She was at the zoo in the same exhibit, that concrete pit, for all those years. That space was just dark, cold, damp, miserable, completely devoid of any stimulation. She was in there for five decades.

PANDORA DEWAN: An elephant who was held inside an Argentinean zoo’s concrete pit for almost her entire life has died less than six months after being rescued and transferred to a Brazilian sanctuary.

Pocha was taken to Elephant Sanctuary Brazil with her daughter, Guillermina, who was observed mourning her mother shortly after her death. The former zoo elephant’s cause of death is not known, but sanctuary staff suspect it could have been related to a so far unidentified chronic illness she may have developed during her many years in captivity.

“She was perfect,” Scott Blais, co-founder and CEO of Global Sanctuary for Elephants, a charitable organization, told Newsweek. “She was one of those elephants that stole my heart from the get-go…. She saw well into your soul when she looked at you.”

Pocha and Guillermina came to the sanctuary in May 2022 after decades spent in captivity at the Ecoparque of Mendoza, formerly the Mendoza Zoological Park, in Argentina. Pocha is thought to have arrived at the zoo in 1968.
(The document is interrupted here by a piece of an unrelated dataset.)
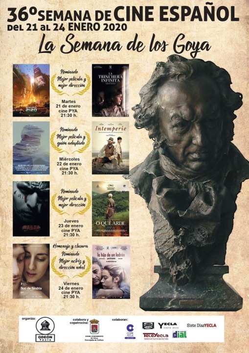 El cierre de la 36ª Semana del Cine Español se producirá el viernes 24 de enero. Ese día se entregará un obsequio diseñado por el artista yeclano Emilio Pascual a los familiares de Alfonso Roses, socio fundador y miembro de la primera Directiva de Cineclub Odeón, fallecido recientemente. Se proyectará el corto ‘Suc de Sindria’ de Irene Moray y la película ‘La hija de un ladrón’ de Belén Funes. Protagonizada por Greta Fernández y Eduard Fernández, ha sido nominada a Mejor Actriz Principal y Mejor Director Novel.
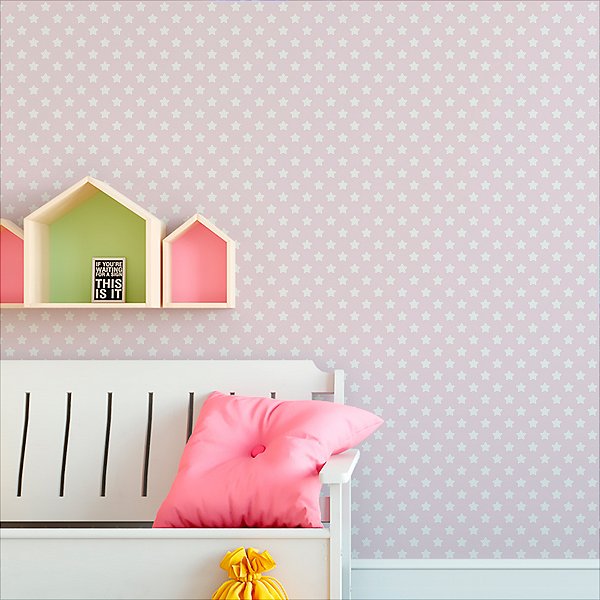 Papel de parede Autoadesivo Quarto Menina Rosa com Estrelas

“She was at the zoo in the same exhibit, that concrete pit, for all those years,” Blais said. “That space was just dark, cold, damp, miserable, completely devoid of any stimulation…. She was in there for five decades.”

He continued: “They do a really good job of hiding their trauma. They have a way of compartmentalizing that suffering. They find a way to tolerate it…and they come out with such a resounding resilience.”

After they arrived at the sanctuary, Pocha, 57, and her daughter 24, quickly adapted to their new surroundings. “She immediately immersed herself into this world of walking and grazing and dusting and playing,” Blais said…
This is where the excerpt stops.